Exercise instructions
Would you please transcribe the listing exactly, with no images?

Supplied data

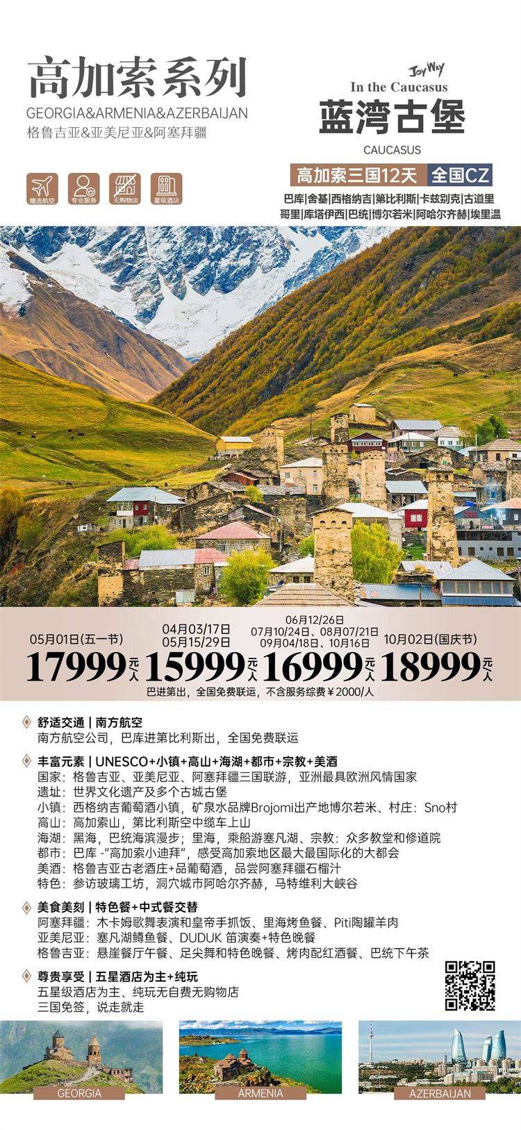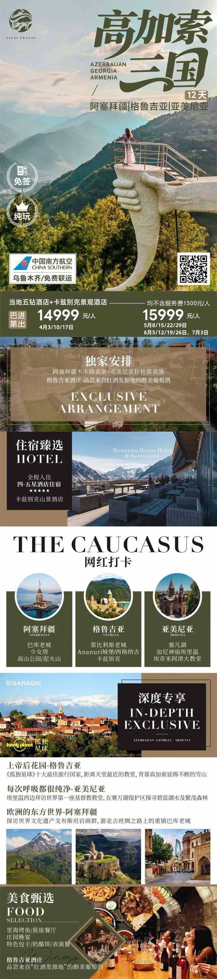 跟团游4-6月福建出发【高加索三国玩9-13天】旅游团线路合集
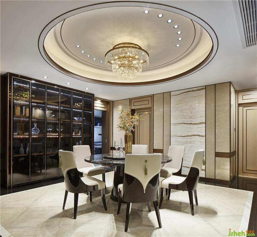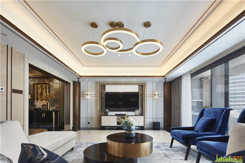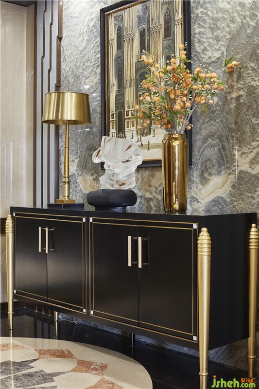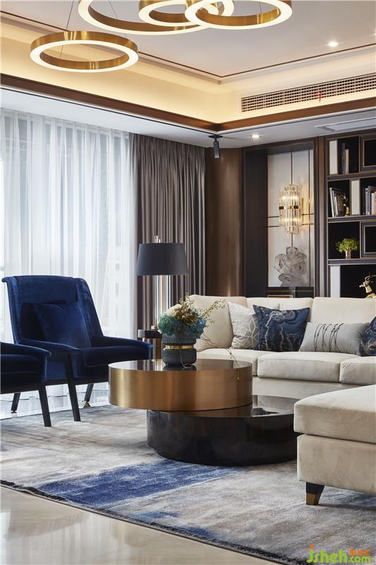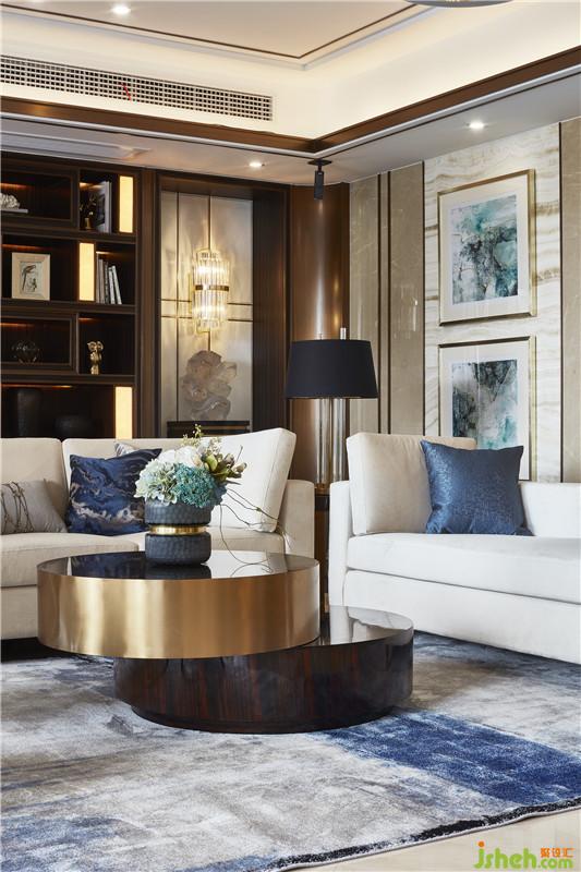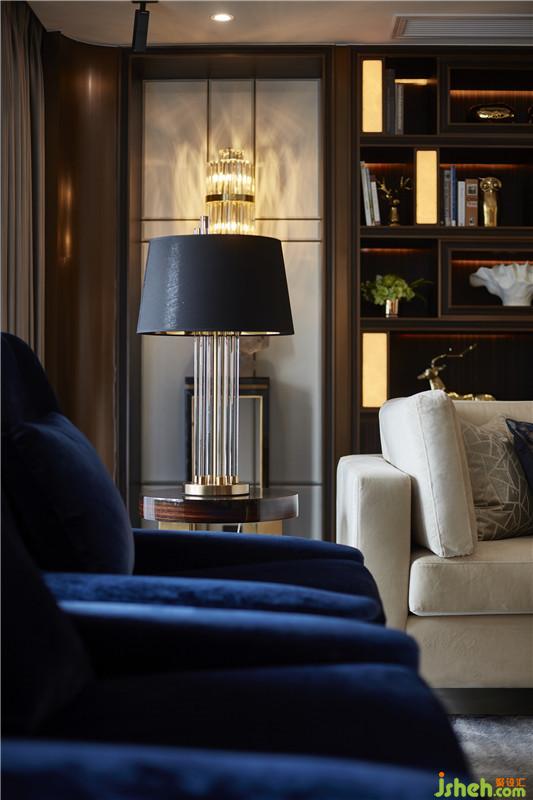 客厅家的中心,整个空间的布置,家具,软饰等,无一不展现出一种轻奢的刚阳的混搭风格,令人过目不忘。深蓝色布艺和金属色艺术装置,不仅贴合整体空间的设计主题,而且营造出一种品质高雅的气质。细微之处见真章,水纹肌理的石材,水晶里枝叶细瓣的美好,在精心的布置下于无声处在牵引着来客的情绪。
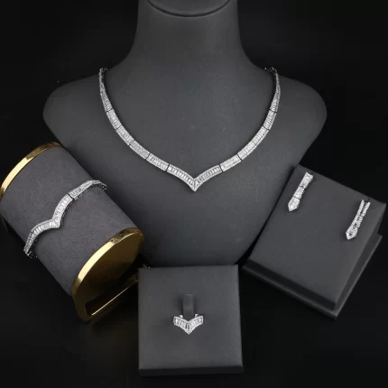 Outlet 2024 Fashion Cubic Zirconia 4 Piece Jewelry Set for Women Dubai Bridal Wedding Jewelry Sets
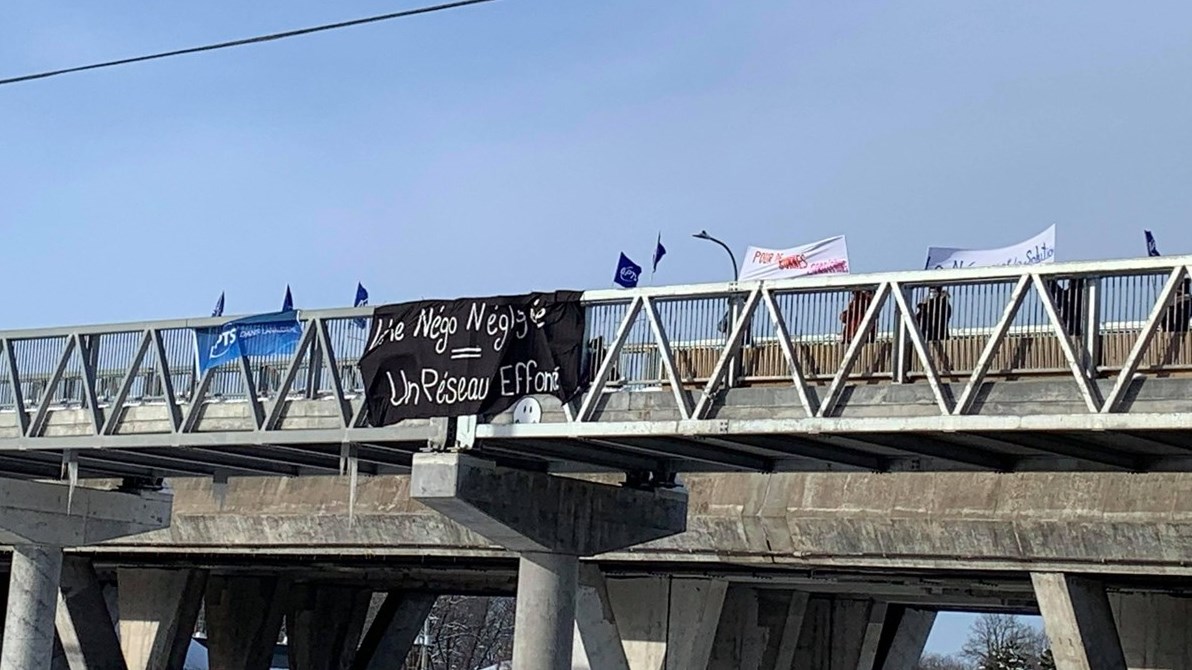 Déterminées à faire entendre leur indignation devant le mépris du gouvernement aux tables de négociation, des personnes membres de l’APTS ont manifesté hier lors d’une action surprise en déployant une bannière sur le pont piétonnier Brien, à Repentigny, où l’on pouvait lire « Négo négligée = réseau effondré ».
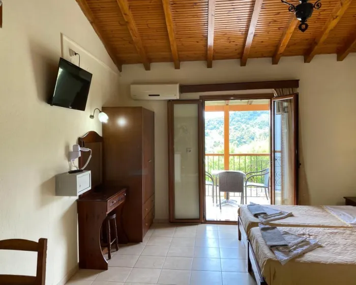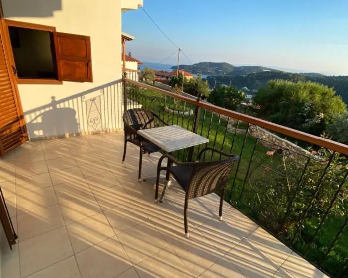 Plaža Achladies je manje od 1 km udaljena od apartmana, dok je plaža Megali Ammos udaljena 15 minuta hoda. Najbliži aerodrom je Aerodrom Skiathos, udaljen 5 km od Valmas sela. Upravlja privatni domaćin.

Solved exercise
 跟团游4-6月福建出发【高加索三国玩9-13天】旅游团线路合集
 客厅家的中心,整个空间的布置,家具,软饰等,无一不展现出一种轻奢的刚阳的混搭风格,令人过目不忘。深蓝色布艺和金属色艺术装置,不仅贴合整体空间的设计主题,而且营造出一种品质高雅的气质。细微之处见真章,水纹肌理的石材,水晶里枝叶细瓣的美好,在精心的布置下于无声处在牵引着来客的情绪。
 Outlet 2024 Fashion Cubic Zirconia 4 Piece Jewelry Set for Women Dubai Bridal Wedding Jewelry Sets
 Déterminées à faire entendre leur indignation devant le mépris du gouvernement aux tables de négociation, des personnes membres de l’APTS ont manifesté hier lors d’une action surprise en déployant une bannière sur le pont piétonnier Brien, à Repentigny, où l’on pouvait lire « Négo négligée = réseau effondré ».
 Plaža Achladies je manje od 1 km udaljena od apartmana, dok je plaža Megali Ammos udaljena 15 minuta hoda. Najbliži aerodrom je Aerodrom Skiathos, udaljen 5 km od Valmas sela. Upravlja privatni domaćin.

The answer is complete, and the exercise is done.